Belief that the bottom has been touched and the outlook can only improve for Canadian gas producers is showing even among professional skeptics and declared opponents of wishful thinking in petroleum engineering, geology and economics firms whose stock-in-trade is reserves evaluations.

The supply auditors — led by Sproule Associates, GLJ Petroleum Consultants and AJM Petroleum Consultants — are not yet ready to agree with a statement by Encana Corp. CEO Randy Eresman to impatient stockholders at his company’s annual meeting last week that gas prices are “unsustainably low” (see Daily GPI, April 21). No analysts suggested Eresman is making a mistake by increasing Encana’s budget for drilling into gas reserves steeped in liquid byproducts that fetch prices closer to oil.
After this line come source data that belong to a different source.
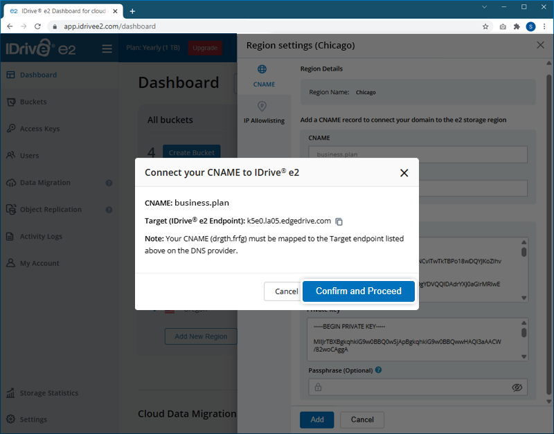 - Ensure the CNAME is mapped to the Target IDrive® e2 endpoint on the DNS provider, and provide your confirmation to proceed.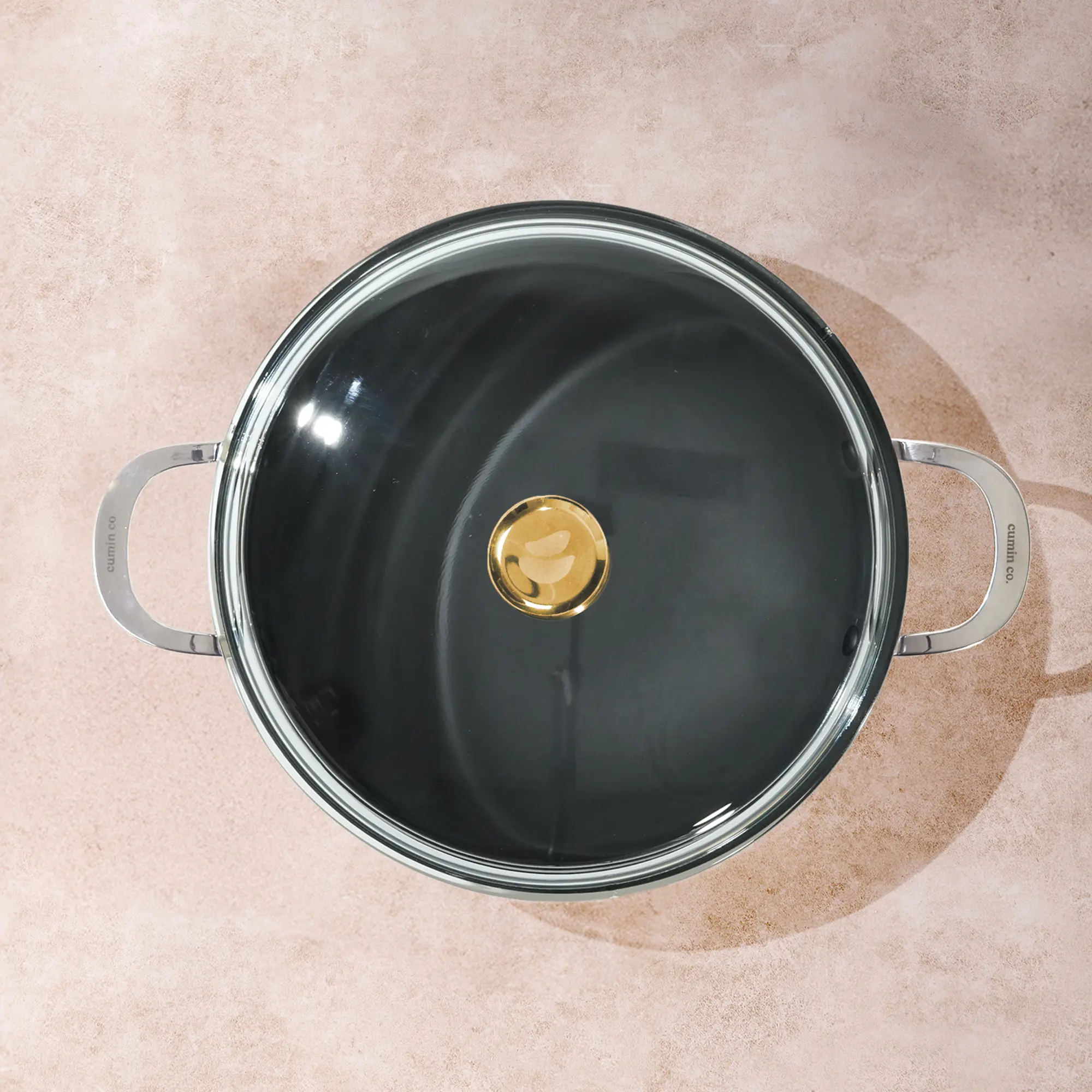 Thoughtfully crafted for the fast pace of modern Indian kitchens, this 32 cm, multifunctional Kadai brings effortless ease to everyday family cooking. Made from enamel cast iron that’s 60% lighter, it combines timeless durability with a patented titanium-infused enamel that’s 100% non-toxic, rust-resistant, and easy to clean that is built to cook beautifully, day after day.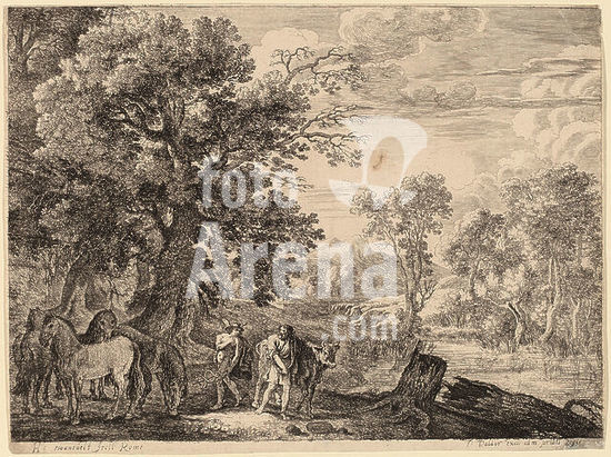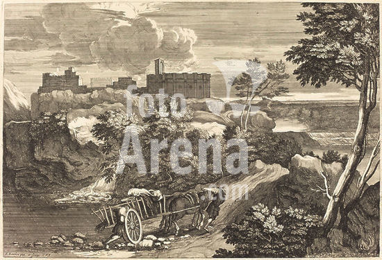alb3738672 Landscape with Wagon. Medium: engraving. Museum: National Gallery of Art, Washington DC. Author: Sebastien Bourdon.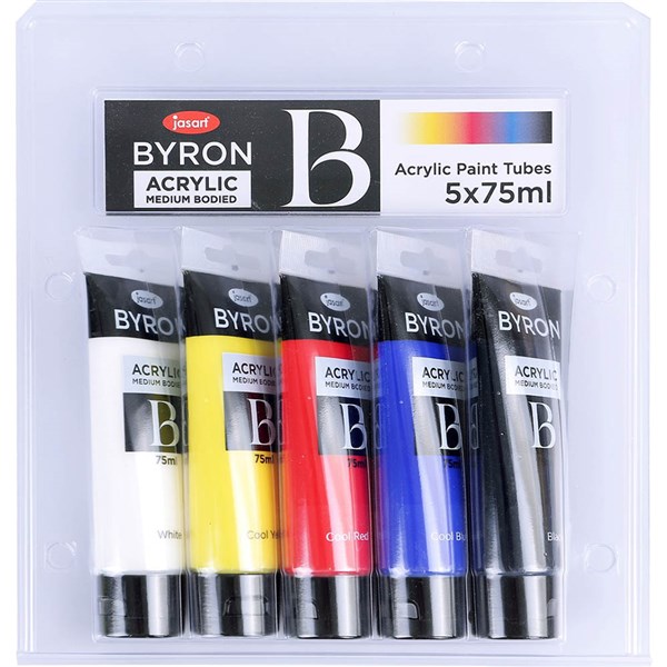 JASART BYRON ACRYLIC PAINT 75ML PRIMARY COOL SET PACK 5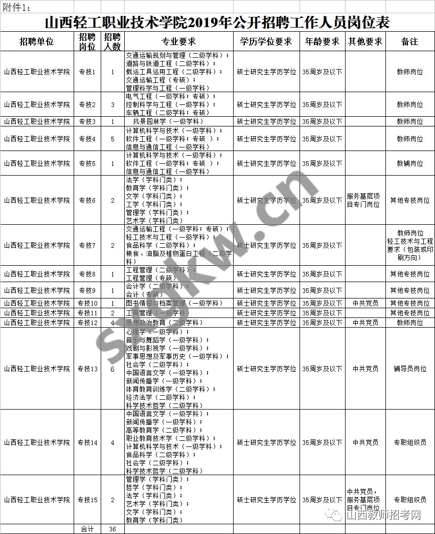 山西輕工職業技術學院2019年公開招聘工作人員36名,招聘崗位所需的具體條件以《山西輕工職業技術學院2019年公開招聘工作人員崗位表》(以下簡稱《崗位表》)的要求為準。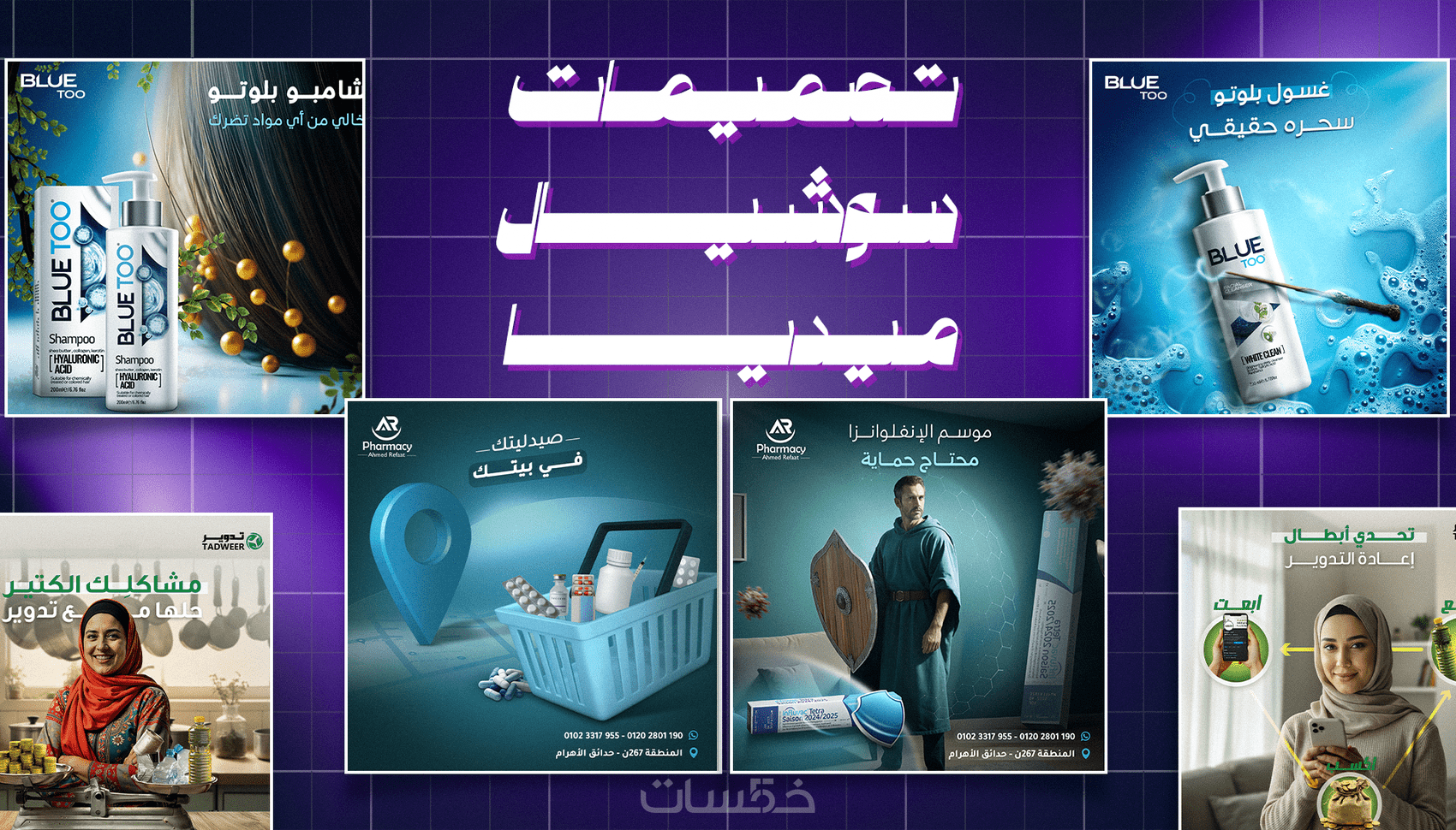 المقاسات الصحيحة والمتوافقة مع جميع المنصات (فيسبوك، يوتيوب، تويتر...).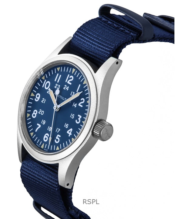 Montre homme Hamilton Khaki Field, bracelet textile, cadran bleu, automatique, H69439940

But the emerging consensus is that the gas markets are unlikely to drop any farther and early signs of recovery are on the horizon. The North American glut brought on by shale supply development is expected to be offset by rising demand from growing Alberta thermal oilsands projects, gradual substitution of gas for coal as a preferred clean fuel at power stations and a developing expansion of Canadian export marketing to Asia.

At the most conservative end of the Canadian forecast spectrum, Sproule sees prices strengthening on Alberta’s AECO trading hub modestly to annual averages of C$4.22/MMBtu in 2012 and C$4.51/MMBtu in 2013 (U.S. dollar figures are the same, with current economic consensus projecting the U.S. and Canadian exchange rate to stay at or close to par).

The wariest outlook puts the anticipated recovery three years away and expects only moderate rebounds to C$5.69/MMBtu in 2014 and C$5.97/MMBtu in 2015. Even 10 years from now, Canadian annual average prices are forecast to languish within a penny or three of C$6.00/MMBtu).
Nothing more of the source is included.